- 4 Marks
Question
Cash accounting policies and accrual accounting policies, when applied respectively to the same transaction or events of the same entity, will produce different pictures of the financial performance, position, and cash flow information of the entity. Thus, the choice of alternative policies needs to be given much consideration. The International Public Sector Accounting Standards Board (IPSASB) permits the use of cash accounting policies whilst encouraging the application of accrual accounting policies in the preparation of financial reports for the public sector.
Required:
Discuss the difference between cash accounting policies and accrual accounting policies in terms of recognition and/or treatment of the following in the Financial Statements: i) Revenue
ii) Capital asset
iii) Allowances and provisions
iv) Contingent liability
Answer
- Revenue
- Cash accounting policy: Revenue is recognized in the statement of cash receipt and cash payment when received. No asset is recognized when the revenue is not received at the reporting date.
- Accrual accounting policy: Revenue is recognized when earned but not when received. Revenue receivable is treated as assets on the statement of financial position.
- Capital asset
- Cash accounting policy: Capital assets are recognized as expenditure for the year in which the asset was purchased or developed. No depreciation is charged to the determination of the cost of service of the period.
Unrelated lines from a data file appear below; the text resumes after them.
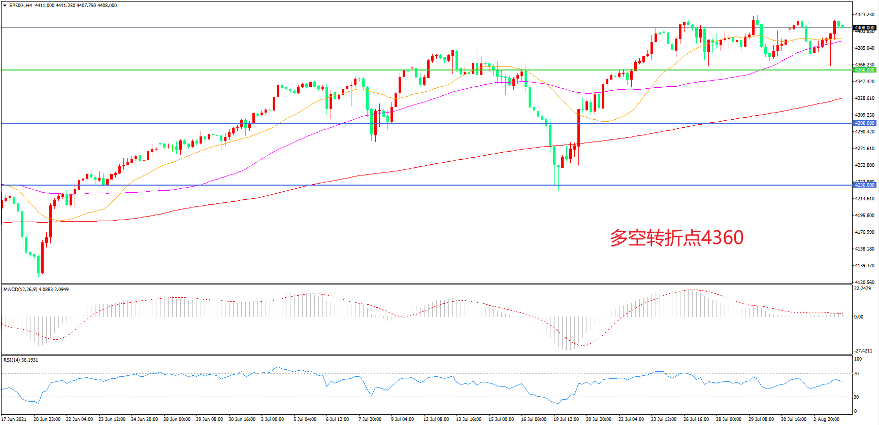多空转折点:4360.00
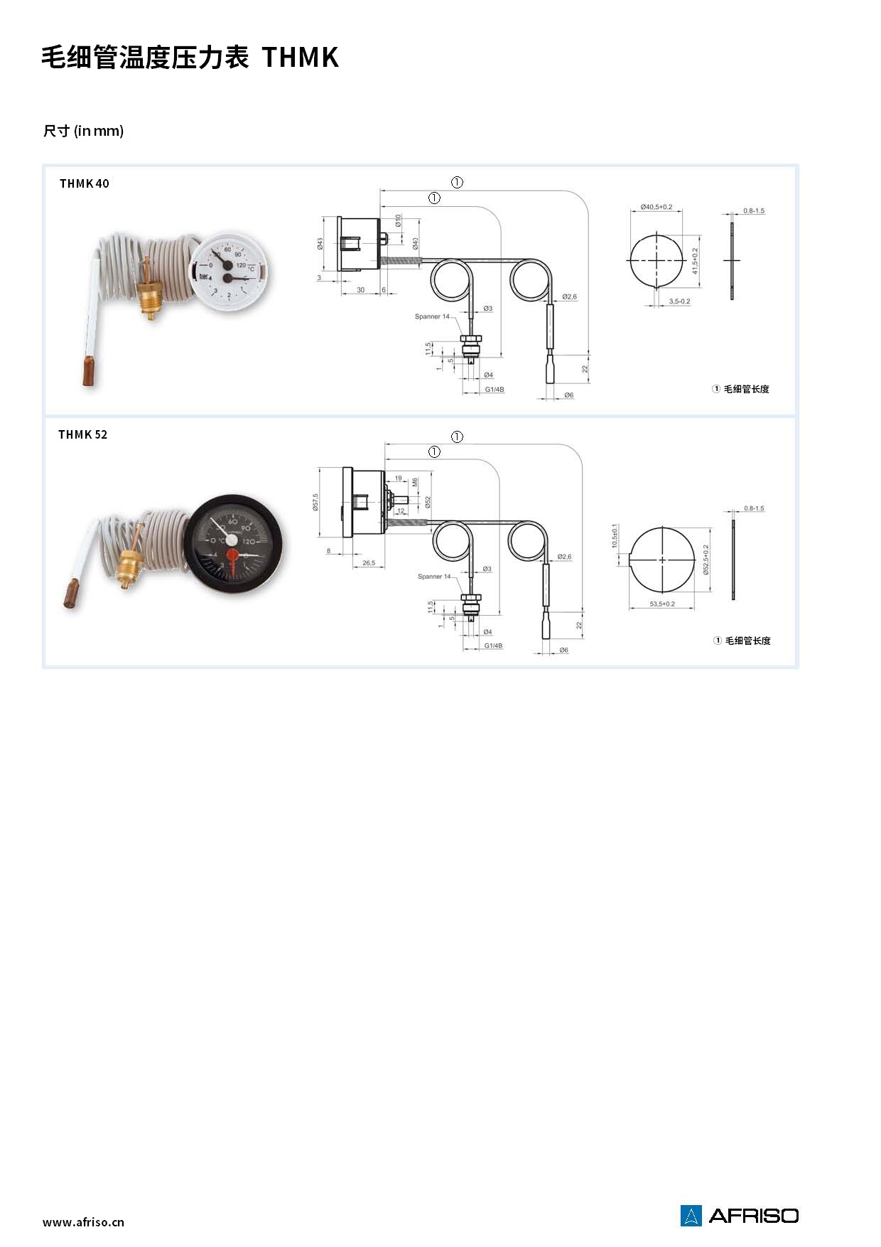 銅毛細(xì)管 壓力:G1/4B 銅接頭 溫包:φ6x30mm 銅 |
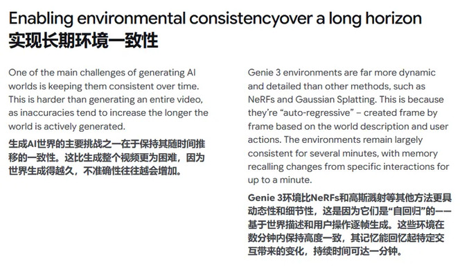 Genie 3目前仅拥有约1分钟的“视觉短时记忆”。这意味着,它无法维持一个长期的、连贯的游戏世界。对于习惯了在《塞尔达传说》或《艾尔登法环》中进行数十甚至上百小时沉浸式体验的玩家来说,Genie 3目前的产品形态,连“Demo”都算不上,充其量只是一个充满Bug的科技玩具。
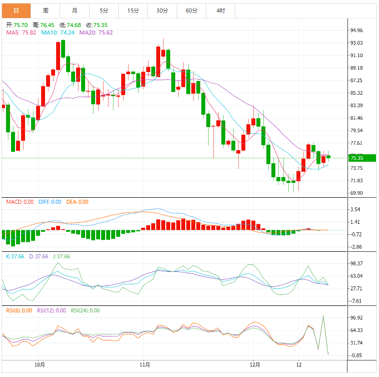 国际油价转跌,受需求前景不确定性影响,尽管美元走软和美国计划补充战略储备给市场提供支撑。NYMEX原油下看73.93美元。尽管如此,石油需求前景将是决定原油价格能否持续走高的关键。若缺乏明显的需求增长迹象,油价很难进一步攀升。全球经济担忧带来的下行压力将普遍存在。联合组织数据倡议组织(JODI)周一(12月19日)公布的数据显示,全球最大石油出口国沙特阿拉伯10月份原油产量从9月份的1104.1万桶/日降至1095.7万桶/日。
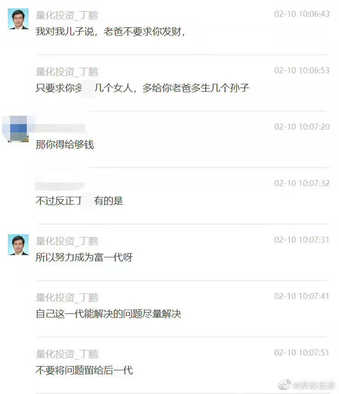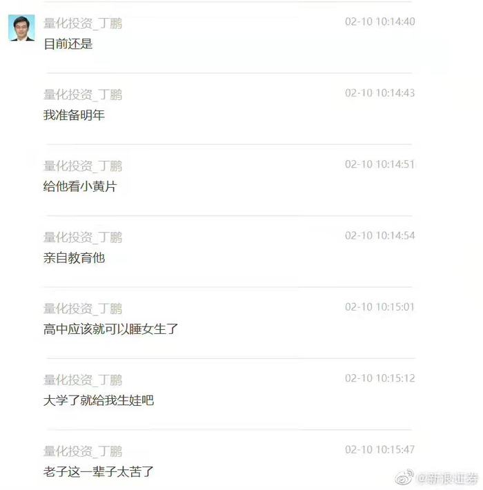 2月10日,有关知名量化投资人丁鹏的聊天记录引发热议。谈及孩子教育问题,丁鹏表示,“我对我儿子说,老爸不要求你发财,只要求你多*几个女人,多给你老爸多生几个孙子。”
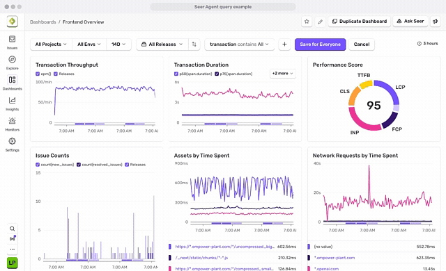 You can use it to answer open-ended questions about your telemetry and app, and accelerate debugging in situations where Sentry may not have already identified an issue (e.g. incident, customer bug report, metric trending in the wrong direction).
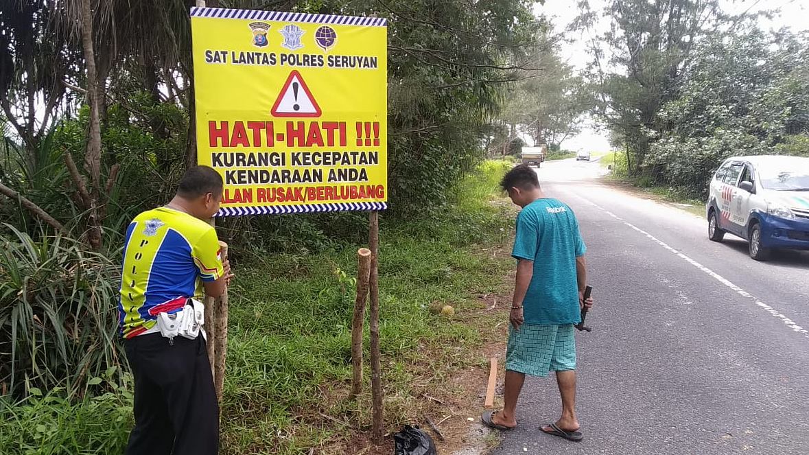 Kapolres Seruyan AKBP Bayu Wicaksono melalui Kasat Lantas Iptu Moch Romadhon mengatakan pemasangan spanduk imbauan sebagai wujud penanganan preemtif dari kepolisian untuk memberitahukan kepada masyarakat bahwa jalan dalam keadaan rusak sehingga para pengendara dapat berhati-hati untuk keselamatan dirinya dan orang lain saat berkendara.
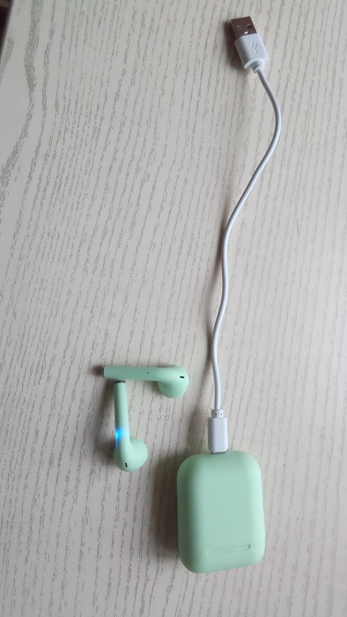 Наушники TWS i12 беспроводные Bluetooth, матовое soft-touch покрытие, цвет нежный зеленый
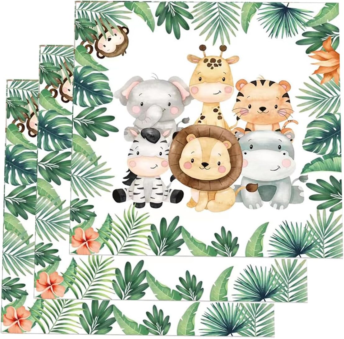 20 Pcs Jungle Safari Animal Napkins - Party Disposable Dinner Paper Napkins for Baby Shower Birthday Themed Party
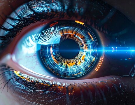 Macro Shot of a Human Blue Iris with Futuristic Digital Scanning Interface
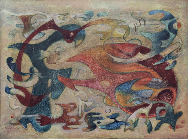 Thomas Grochowiak Allegro vivace nach Mozart: »Jupitersinfonie« 1947, Öl auf Hartfaser, 54 x 72 cm © Thomas Grochowiak
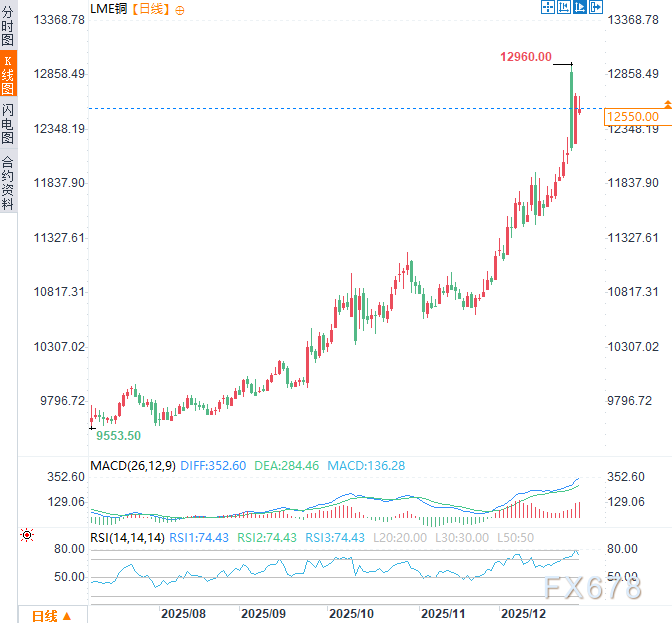 伦敦金属交易所(LME)铜价格周三(12月31日)亚市时段于12540美元/吨附近宽幅震荡。29日铜价一度触及12960美元的历史高点,但因投资者获利了结大幅回落,但铜价仍处于历史相对较高位。
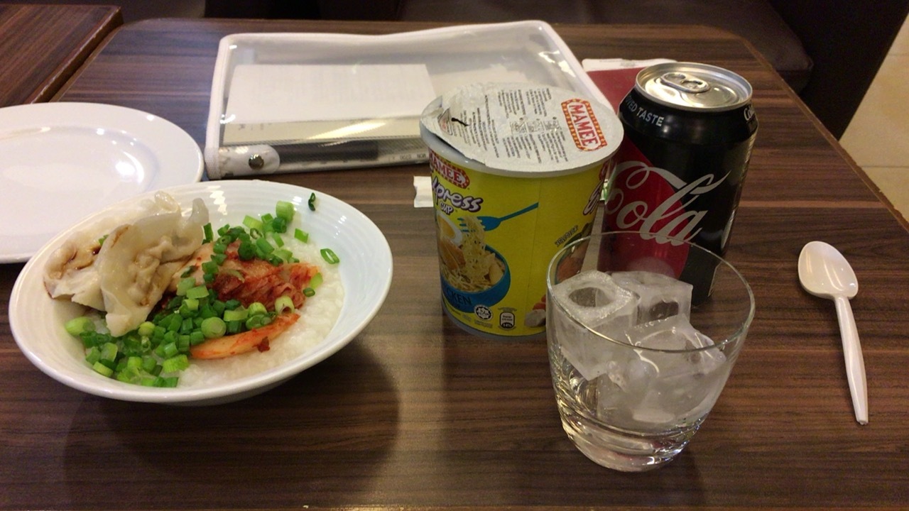 食事はホットドッグや餃子、お粥、炒飯、カップ麺など、ドリンクはアルコール、ソフトドリンクも揃っていました。ソファの背もたれが直角に近く硬かったのが残念でした。しかし、落ち着ける空間でした。
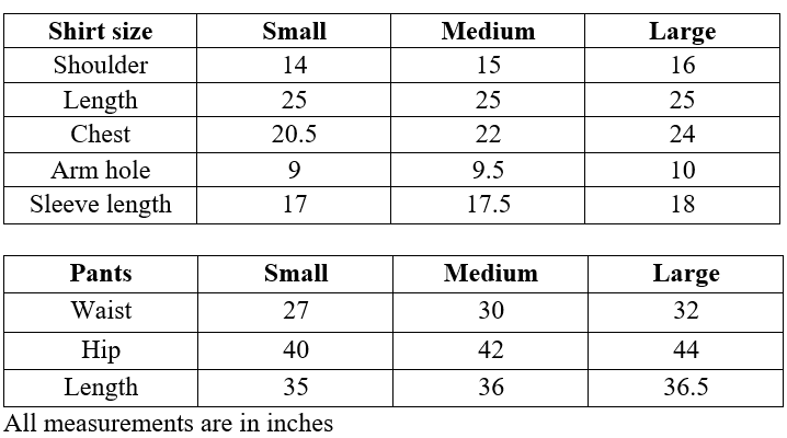 Shalwar/pant measurement (Inches):
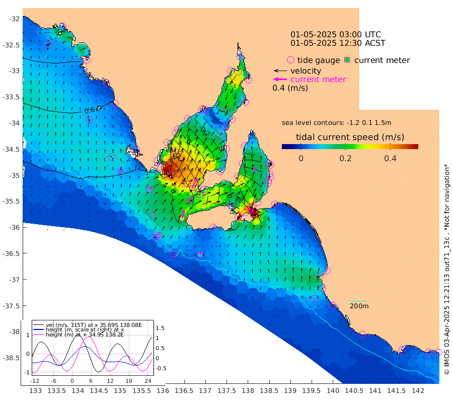 1cm/s 67T +10cm/s rms + 5cm/s 114T. SAM1DS 520m 11cm/s 40T +13cm/s rms + 5cm/s -36T. SAM2CP 100m 8cm/s 17T +21cm/s rms + 18cm/s 142T. SAM3MS 168m 8cm/s 29T +22cm/s rms + 0cm/s -30T. SAM4CY 117m 6cm/s -6T +23cm/s rms + 2cm/s 99T. SAM5CB 94m 20cm/s 44T +8cm/s rms + 3cm/s -172T. SAM6IS 83m 4cm/s 9T +11cm/s rms + 7cm/s 150T. SAM7DS 519m 35cm/s 23T +10cm/s rms + 2cm/s 87T. SAM8SG 47m 27cm/s 12T +20cm/s rms + 12cm/s -168T. NRSKAI 101m 47cm Warrnambool 45cm Port Fairy 46cm Portland 41cm Port Macdonnell 46cm Beachport 46cm Cape Rabelais (off) 45cm Robe 44cm Cape Jaffa 44cm Kingston 45cm Victor Harbor 51cm Vivonne Bay -19cm Kingscote -19cm American River 1cm Penneshaw -14cm Cape Jervis -36cm Second Valley -54cm Port Noarlunga -57cm Port Stanvac -61cm Brighton -65cm Glenelg -74cm Port Adelaide (Outer Harbor) -87cm Angus Inlet (Garden Island) -94cm Ardrossan -66cm Port Vincent -48cm Port Giles 25cm Stenhouse Bay 24cm Althorpe Island 24cm Pondalowie Bay 9cm Point Turton 4cm Port Victoria 0cm Cape Elizabeth -4cm Tiparra Reef Light -20cm Wallaroo -23cm Middle Bank -39cm Port Broughton -49cm Port Pirie -59cm Red Cliff Point (Beacon 5) -49cm Port Bonython -51cm Whyalla -47cm Western Shoal Beacon -26cm Franklin Harbor 2cm Franklin Harbor Entrance Beacon 14cm Arno Bay 21cm Port Neill 25cm Cape Hardy 32cm Tumby Bay 33cm Reevesby Island 42cm Port Lincoln 48cm Taylors Landing 16cm Whalers Bay 35cm Wedge Island Mooring 47cm Shelf Edge Mooring 54cm Coffin Bay Entrance Beacon 52cm Greenly Island 56cm Elliston 55cm Pearson Island 37cm Venus Bay 70cm Blanche Port (Streaky Bay) 72cm Thevenard 68cm St Francis Island
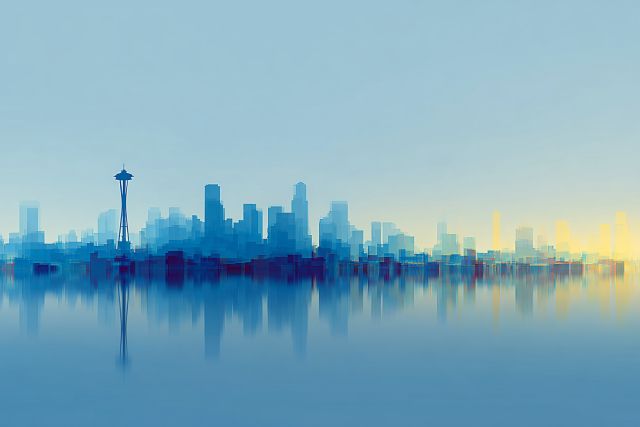 *** About [Seattle]: Seattle, a vibrant urban hub located in Washington State, is renowned for its striking cityscape which includes the Space Needle, a legacy of the 1962 World's Fair. The city's architecture, flanked by the natural beauty of both saltwater and freshwater bodies, not only provides a striking contrast to the serene waters of Puget Sound but also highlights the city's dynamic fusion of technology, arts, and nature. This artwork captures the essence of Seattle's distinctive urban beat and its reputation as a center for innovation and culture.
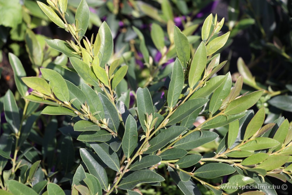 0,9-1,2 m magasan elterülő bokrú, örökzöld levelű talajtakaró. Bőrszerű, fényes sötétzöld levelei váltakozva állnak az ágon, keskeny-hosszúkásak, hegyes csúcsúak, a szélük ép. Tél végén/kora tavasszal nyíló virágai sziromlevél nélküliek, az élénk vörös porzós virágok a levelek hónaljában kis fürtökbe tömörülnek. Ágemeleteket képző, viszonylag kompakt növény. Középerős növekedésű, átlagos igényű, félárnyékba/szűrt napra való. A megfelelő télállósági zónában dekoratív talajtakaró, vagy konténeres terasznövény. Nálunk csak védett helyre javasoljuk ültetni! Jól metszhető.
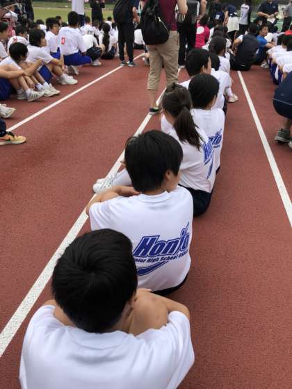 各種目ごとに集まったり、応援席の座る順番に座ったり。
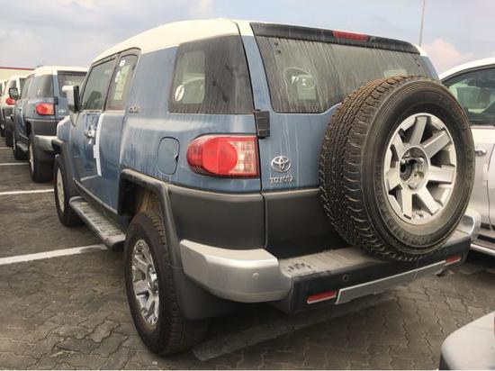 2018款酷路泽FJ GXR,汽油4.0 配置:17铝轮,159L双油箱,2气囊,手动空调,电动车窗,,地垫,动力转向,真皮方向盘,中控锁,空气压缩泵,织物座椅,仪表盘显示,导航,蓝牙,乘客扶手,8音响,制动防抱死系统(abs),胎压监测,车身稳定系统控制(vsc) ,后雷达,主动牵引系统(atrac),巡航控制,双前气囊,蠕行模式,差速锁,倒车影像,7英寸导航 ,遥控门锁 ,银色后视镜,银色门把手,银色散热格栅,电动后视镜带照明,越野旗帜,尾部雨刷,侧门脚踏。颜色:(白色/黑色/黄色/蓝色/红色/灰色)

- Accrual accounting policy: The asset is recognized as an asset. The cost of the asset is written off over its useful life in the determination of financial performance.
- Allowances and provisions
- Cash accounting policy: No room for allowances and provisions since recognition is purely on a cash basis.
- Accrual accounting policy: Allowances and provisions are made on receivables, stock loss, and non-current assets.
- Contingent liability
- Cash accounting policy: Contingent liabilities are not recognized until they result in an actual cash outflow.
- Accrual accounting policy: Contingent liabilities are recognized when they are probable and can be reasonably estimated, even if no cash outflow has yet occurred.